▶ **What is being asked**
With pictures excluded, copy word for word the lines in the data below from the line containing "生物医学研究院Department Talk系列 5月17日(周五)下午15:30-16:30" through the line containing "- Adalet Bakanlığı'ndan".

▶ **Input**

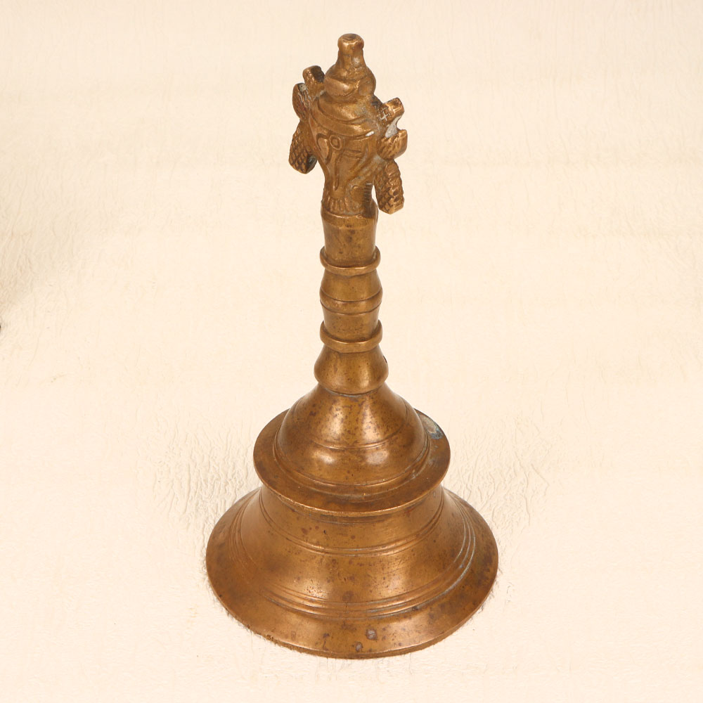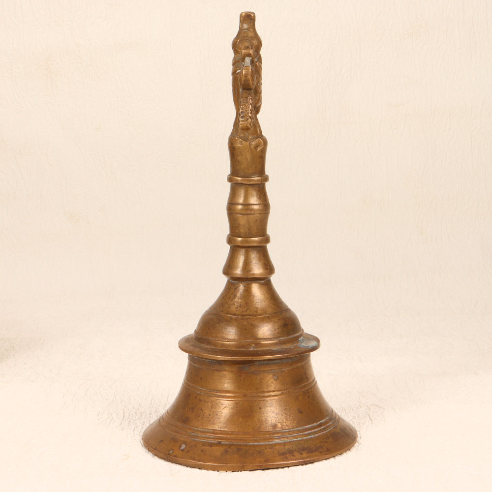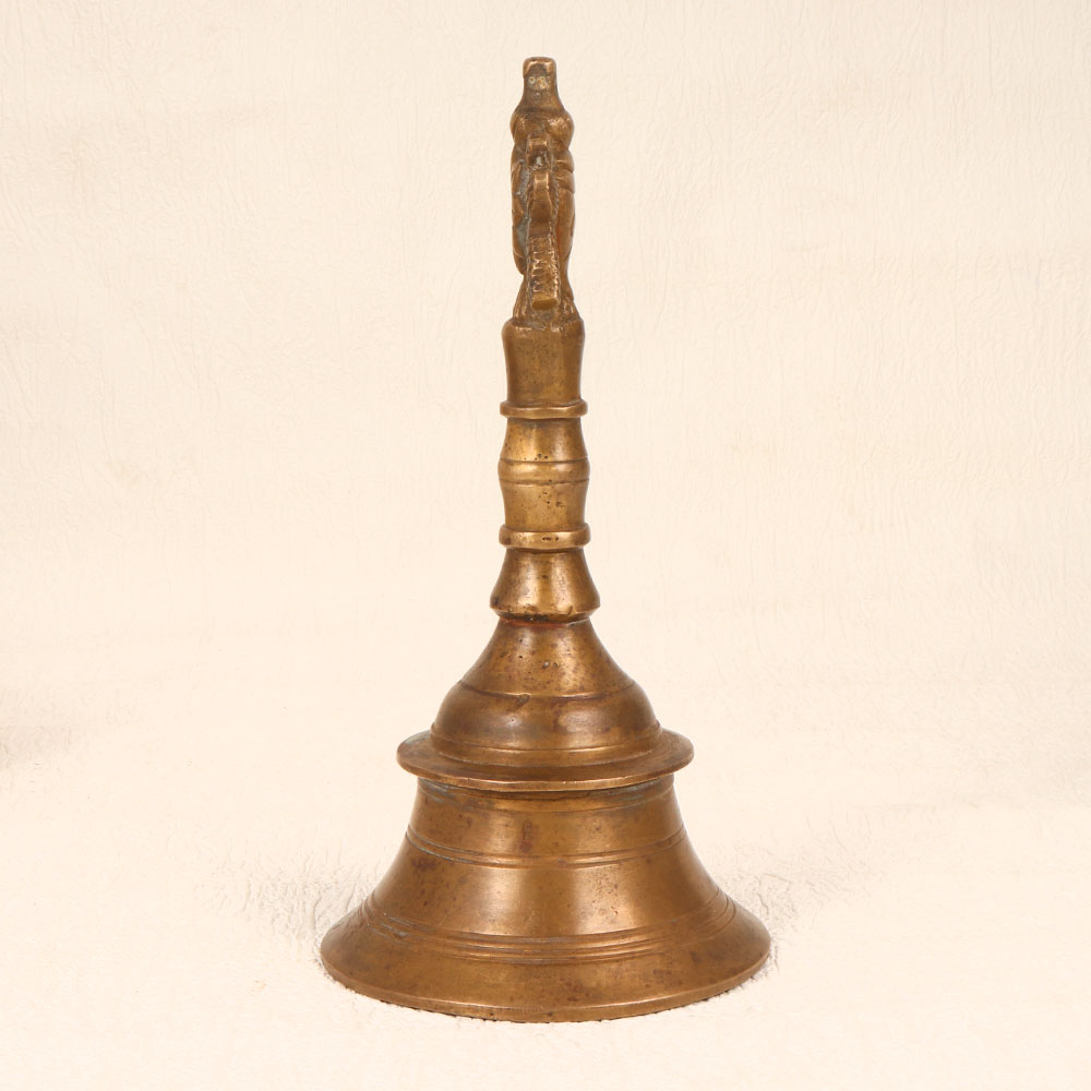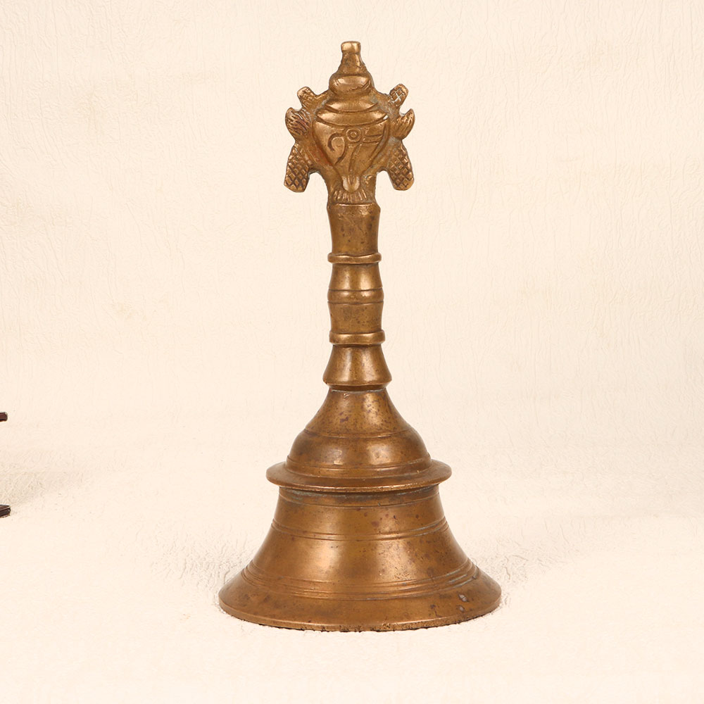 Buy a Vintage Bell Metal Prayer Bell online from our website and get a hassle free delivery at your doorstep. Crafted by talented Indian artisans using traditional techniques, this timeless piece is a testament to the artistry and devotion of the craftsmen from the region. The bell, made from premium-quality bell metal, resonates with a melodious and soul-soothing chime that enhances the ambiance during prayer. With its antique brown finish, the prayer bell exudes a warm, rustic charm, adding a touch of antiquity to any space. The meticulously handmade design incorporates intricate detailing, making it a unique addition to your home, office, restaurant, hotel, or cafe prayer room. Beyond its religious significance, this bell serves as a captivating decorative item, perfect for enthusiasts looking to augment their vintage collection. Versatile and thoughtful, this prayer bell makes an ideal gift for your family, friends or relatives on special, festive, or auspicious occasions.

* * *

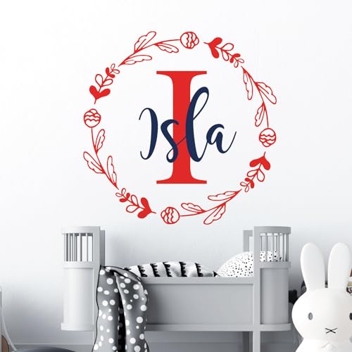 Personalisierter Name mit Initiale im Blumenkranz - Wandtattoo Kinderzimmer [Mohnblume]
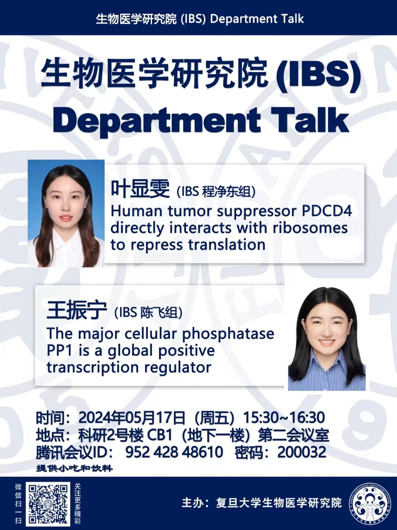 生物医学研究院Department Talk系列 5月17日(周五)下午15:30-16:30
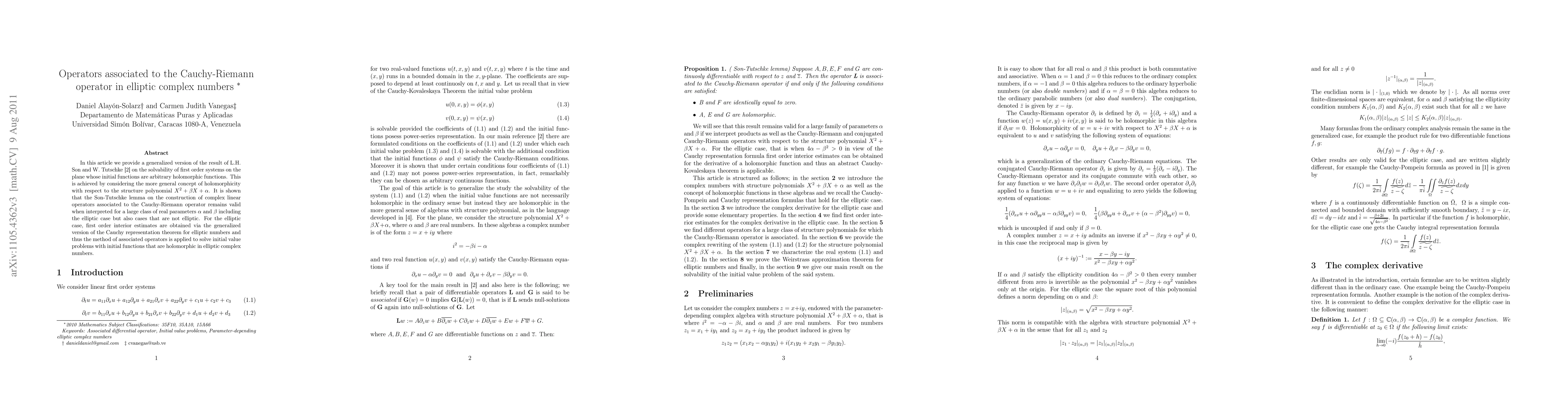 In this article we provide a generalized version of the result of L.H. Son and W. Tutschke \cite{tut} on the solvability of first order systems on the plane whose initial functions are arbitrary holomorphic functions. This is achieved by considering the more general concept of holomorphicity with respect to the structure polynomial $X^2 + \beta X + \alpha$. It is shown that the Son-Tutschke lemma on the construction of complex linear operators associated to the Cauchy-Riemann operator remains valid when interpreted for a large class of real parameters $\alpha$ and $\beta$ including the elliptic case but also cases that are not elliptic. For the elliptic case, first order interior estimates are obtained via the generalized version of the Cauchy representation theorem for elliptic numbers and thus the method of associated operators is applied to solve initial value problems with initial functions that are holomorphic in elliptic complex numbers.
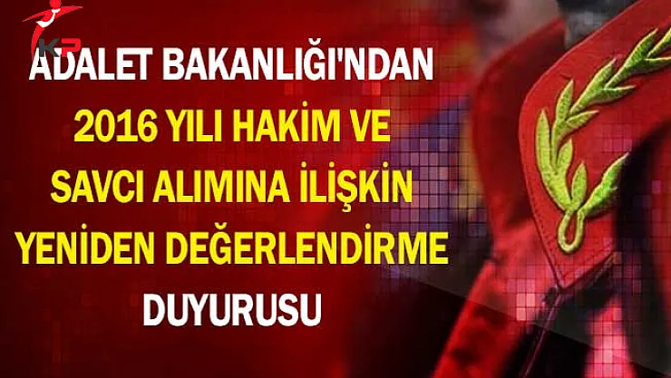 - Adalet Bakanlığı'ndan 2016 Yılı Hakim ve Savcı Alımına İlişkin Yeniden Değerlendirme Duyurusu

▶ **Exercise response**
 生物医学研究院Department Talk系列 5月17日(周五)下午15:30-16:30
 In this article we provide a generalized version of the result of L.H. Son and W. Tutschke \cite{tut} on the solvability of first order systems on the plane whose initial functions are arbitrary holomorphic functions. This is achieved by considering the more general concept of holomorphicity with respect to the structure polynomial $X^2 + \beta X + \alpha$. It is shown that the Son-Tutschke lemma on the construction of complex linear operators associated to the Cauchy-Riemann operator remains valid when interpreted for a large class of real parameters $\alpha$ and $\beta$ including the elliptic case but also cases that are not elliptic. For the elliptic case, first order interior estimates are obtained via the generalized version of the Cauchy representation theorem for elliptic numbers and thus the method of associated operators is applied to solve initial value problems with initial functions that are holomorphic in elliptic complex numbers.
 - Adalet Bakanlığı'ndan 2016 Yılı Hakim ve Savcı Alımına İlişkin Yeniden Değerlendirme Duyurusu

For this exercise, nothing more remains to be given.